Task to carry out :: Begin your copy at the line with "大概的效果如上图所示,比如说" in the records below and end it at the line with "- Once the session", restating each line word for word; omit the pictures.

Available data ::
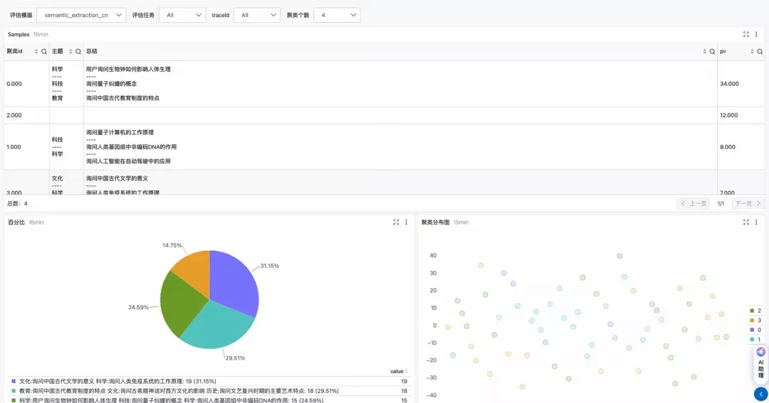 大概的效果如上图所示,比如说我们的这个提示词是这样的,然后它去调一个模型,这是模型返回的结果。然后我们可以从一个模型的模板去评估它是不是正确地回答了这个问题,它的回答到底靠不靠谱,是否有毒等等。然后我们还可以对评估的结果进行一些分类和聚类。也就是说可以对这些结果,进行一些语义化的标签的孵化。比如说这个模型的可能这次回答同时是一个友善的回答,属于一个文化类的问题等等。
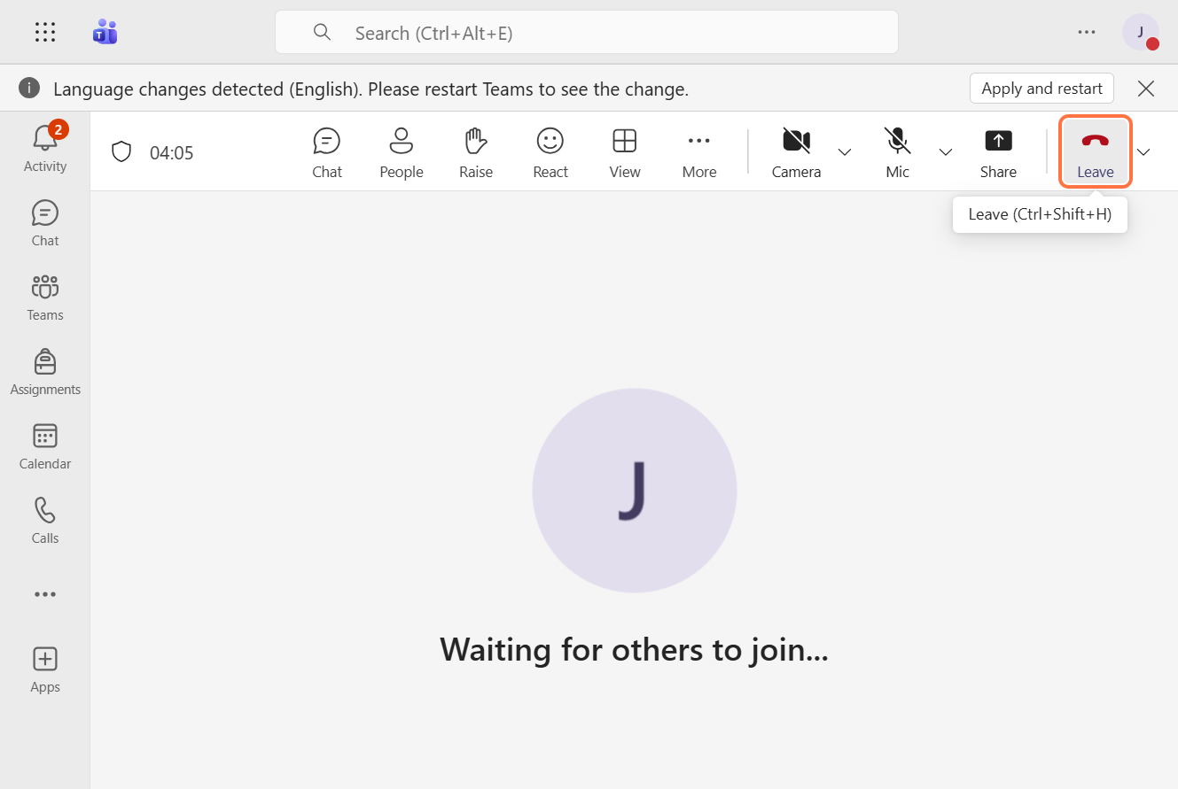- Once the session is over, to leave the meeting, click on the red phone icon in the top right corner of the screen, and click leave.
* * *
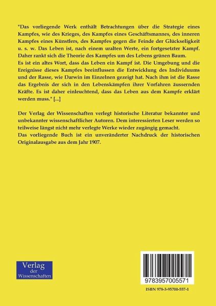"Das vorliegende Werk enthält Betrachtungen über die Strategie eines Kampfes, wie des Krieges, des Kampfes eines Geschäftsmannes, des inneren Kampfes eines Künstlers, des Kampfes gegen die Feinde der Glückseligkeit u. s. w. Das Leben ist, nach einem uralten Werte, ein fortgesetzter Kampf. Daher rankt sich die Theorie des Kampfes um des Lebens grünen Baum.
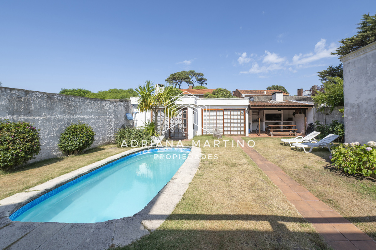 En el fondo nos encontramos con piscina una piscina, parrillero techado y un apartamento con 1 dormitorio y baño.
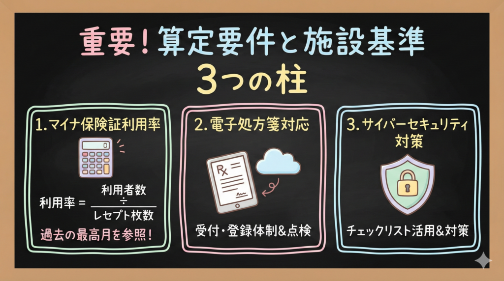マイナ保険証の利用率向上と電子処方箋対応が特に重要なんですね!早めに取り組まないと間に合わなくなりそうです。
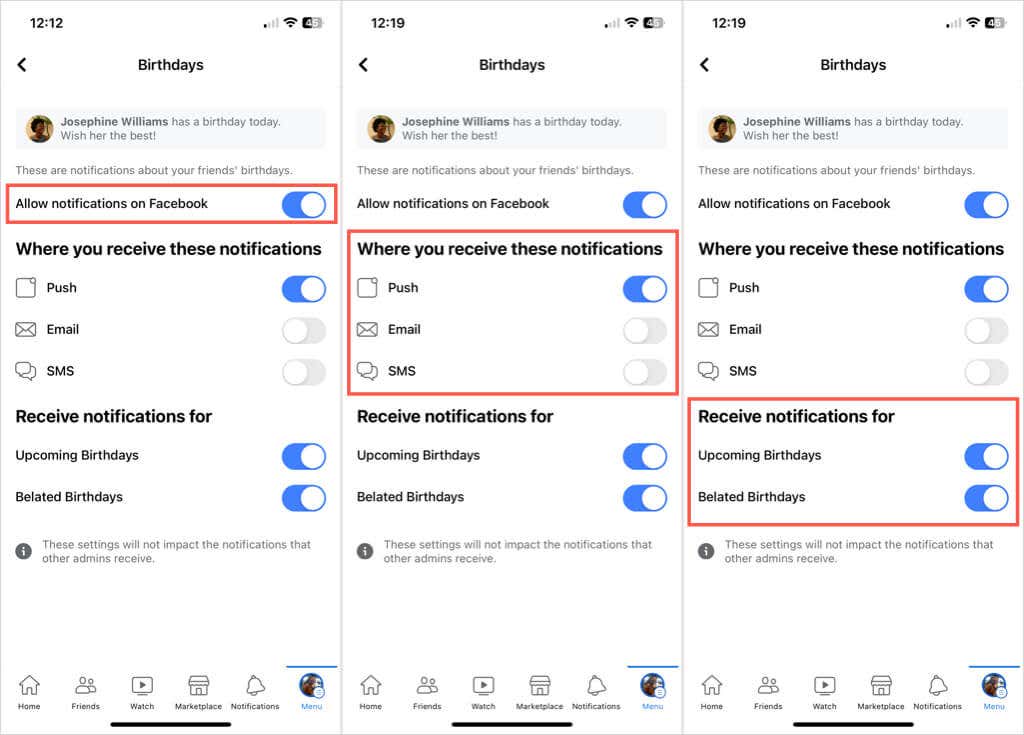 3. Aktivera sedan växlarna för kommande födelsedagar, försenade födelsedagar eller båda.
---
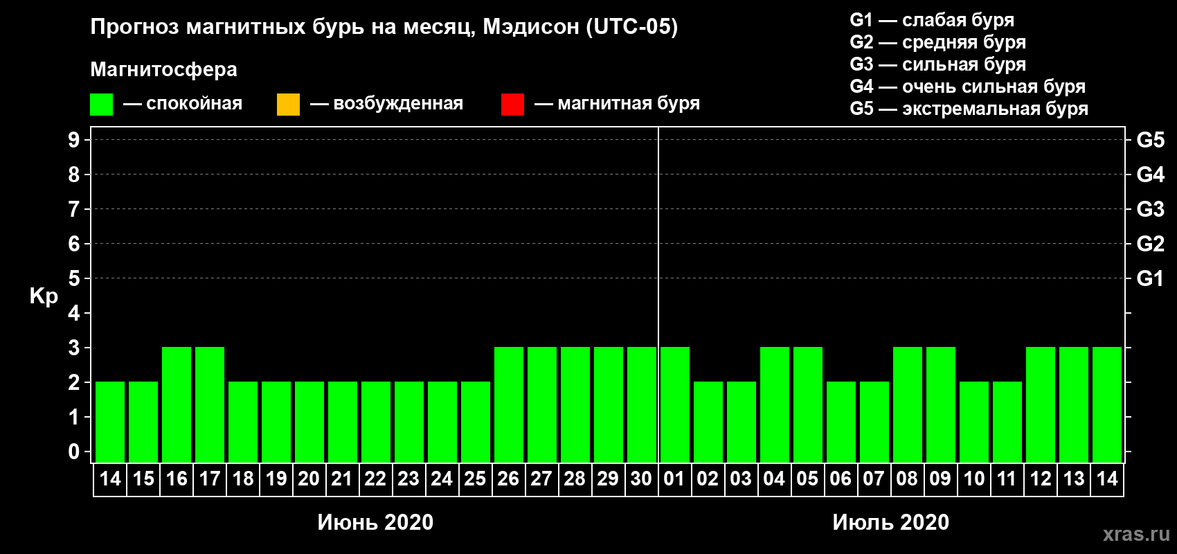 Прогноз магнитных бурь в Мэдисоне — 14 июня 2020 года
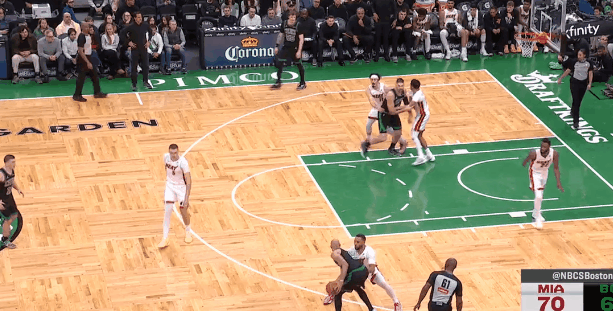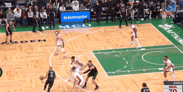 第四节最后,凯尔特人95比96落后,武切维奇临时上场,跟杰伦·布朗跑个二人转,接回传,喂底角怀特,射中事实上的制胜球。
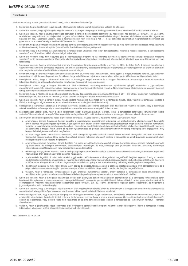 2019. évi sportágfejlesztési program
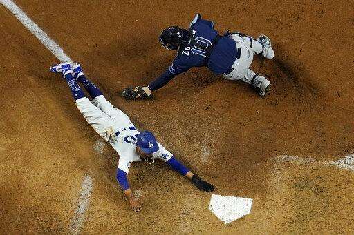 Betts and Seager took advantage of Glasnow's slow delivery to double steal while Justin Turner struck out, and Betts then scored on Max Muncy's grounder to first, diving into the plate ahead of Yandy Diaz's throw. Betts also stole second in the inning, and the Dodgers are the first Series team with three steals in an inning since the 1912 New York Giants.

Response box ::
 大概的效果如上图所示,比如说我们的这个提示词是这样的,然后它去调一个模型,这是模型返回的结果。然后我们可以从一个模型的模板去评估它是不是正确地回答了这个问题,它的回答到底靠不靠谱,是否有毒等等。然后我们还可以对评估的结果进行一些分类和聚类。也就是说可以对这些结果,进行一些语义化的标签的孵化。比如说这个模型的可能这次回答同时是一个友善的回答,属于一个文化类的问题等等。
- Once the session is over, to leave the meeting, click on the red phone icon in the top right corner of the screen, and click leave.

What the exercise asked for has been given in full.